Шрифт:
Закладка:
Хотя американцы, по сравнению с англичанами, никогда не отличались особым уважением к власти, Революция, казалось, придала многим из них смелости и заставила бросить вызов любой иерархии и любым различиям, даже тем, которые были получены естественным путем. Люди среднего достатка начали заявлять о себе как никогда раньше. Как заметил один иностранец, "самые низкие здесь... . стоят прямо и не приседают ни перед кем".17 После революции бостонцы перестали использовать обозначения "йомен" и "муженек" и стали все реже записывать профессиональные титулы среди ремесленников. Все взрослые белые мужчины стали использовать обозначение "мистер", которое традиционно принадлежало исключительно дворянству. Даже городской совет Чарльстона, Южная Каролина, почувствовал достаточное эгалитарное давление, чтобы отменить титулы "Esq." и "His Honor".18
По какому праву власть требует повиновения? Этим вопросом теперь задавались все учреждения, все организации, все люди. Революция словно привела в движение дезинтегрирующую силу, которую невозможно остановить.
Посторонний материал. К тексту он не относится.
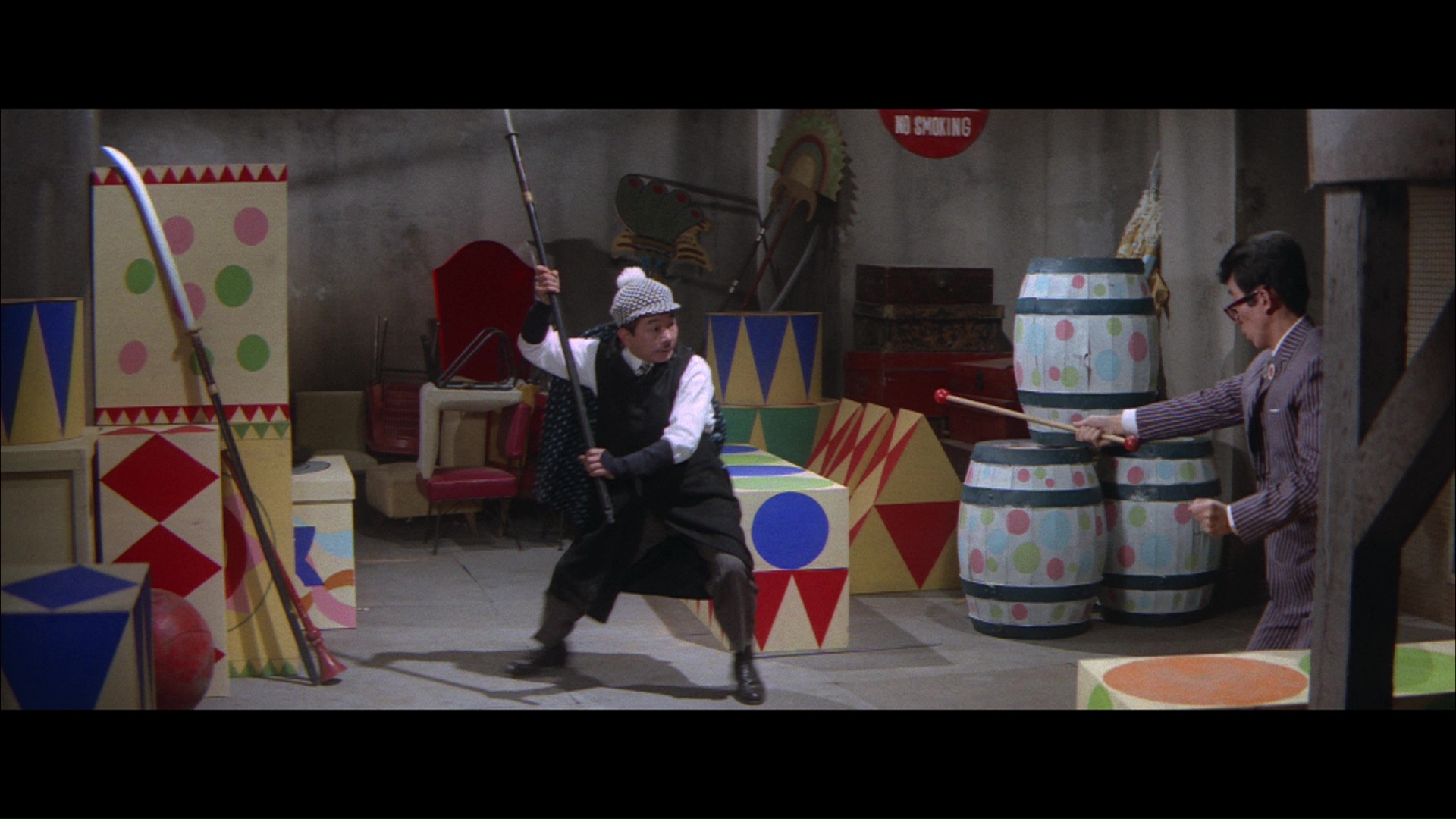 Frank Tashlin, and Mad magazine. In a rough Japanese port town, someone's gunning down criminals starting with big shot Mr. Yoyogi and leaving ripped spade playing cards at the scene. Yoyogi's cohorts, who specialize in drugs, prostitution, and other vices, get other spade cards as a presumed death threat, with the sequence determined the order they'll be taken out. The panicked crooks ring up the title organization, which sends out a call for assassins to take care of business. All of them are eccentric goofballs who come into town via different modes of transportation, and of course, nothing goes as planned as murder attempts backfire, motives get crossed, and Shishido gets to show off his cool sunglasses. You also get some geisha drag comedy, a little boy aspiring assassin (Shiraki) dressed like Oddjob from Goldfinger, a lot of references to poet Heinrich Heine, the most absurd mass assassination scenes before Massacre Mafia Style, and strange commentary about obsessions with baseball and TV violence. More like a string of bizarre comedy sketches than a normal narrative, this one starts off at full volume with a threat to the viewer that they'd better laugh with the movie or get killed, and it never settles down for the remaining hour and a half. The high-pitched performances may irritate viewers unaccustomed to acting pitched this broadly, but it's a fascinating and very entertaining comedy if you're in the right frame of mind.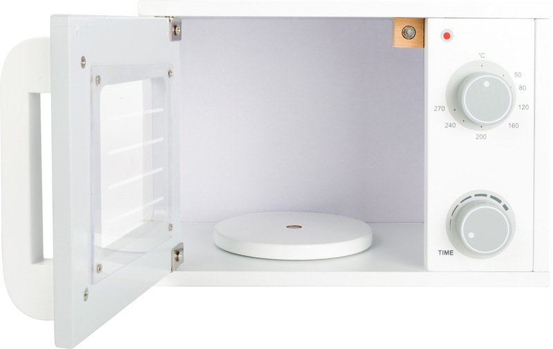 Ding...the food is ready! Kids can pretend to warm up and prepare food in no time with this wooden play microwave. This realistic play opportunity offers a rotating plate and a door that?s held closed by a magnet. The temperature and time functions can be set easily with the rotatable knobs. A practical household appliance that belongs in every modern children?s play kitchen. An ideal addition to all children's play kitchens.
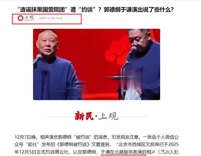 信息来源 上观新闻2025-12-08《“造谣抹黑国营院团”遭“约谈”?郭德纲于谦演出说了些什么?》

Европейские путешественники, особенно из Англии, конечно же, были больше всего обескуражены обществом новой республики, и их критика была во многом уничтожающей. Многие европейцы считали англичан дикими и свободолюбивыми, но по сравнению с ними разнузданные американцы казались стабильными и степенными. Многие американцы, естественно, старались не обращать внимания на эту критику, но для федералистов большая ее часть была слишком правдивой. Как они могли не согласиться с иностранными критиками, которые заявляли, что в Соединенных Штатах "свобода и равенство на уровне всех сословий"?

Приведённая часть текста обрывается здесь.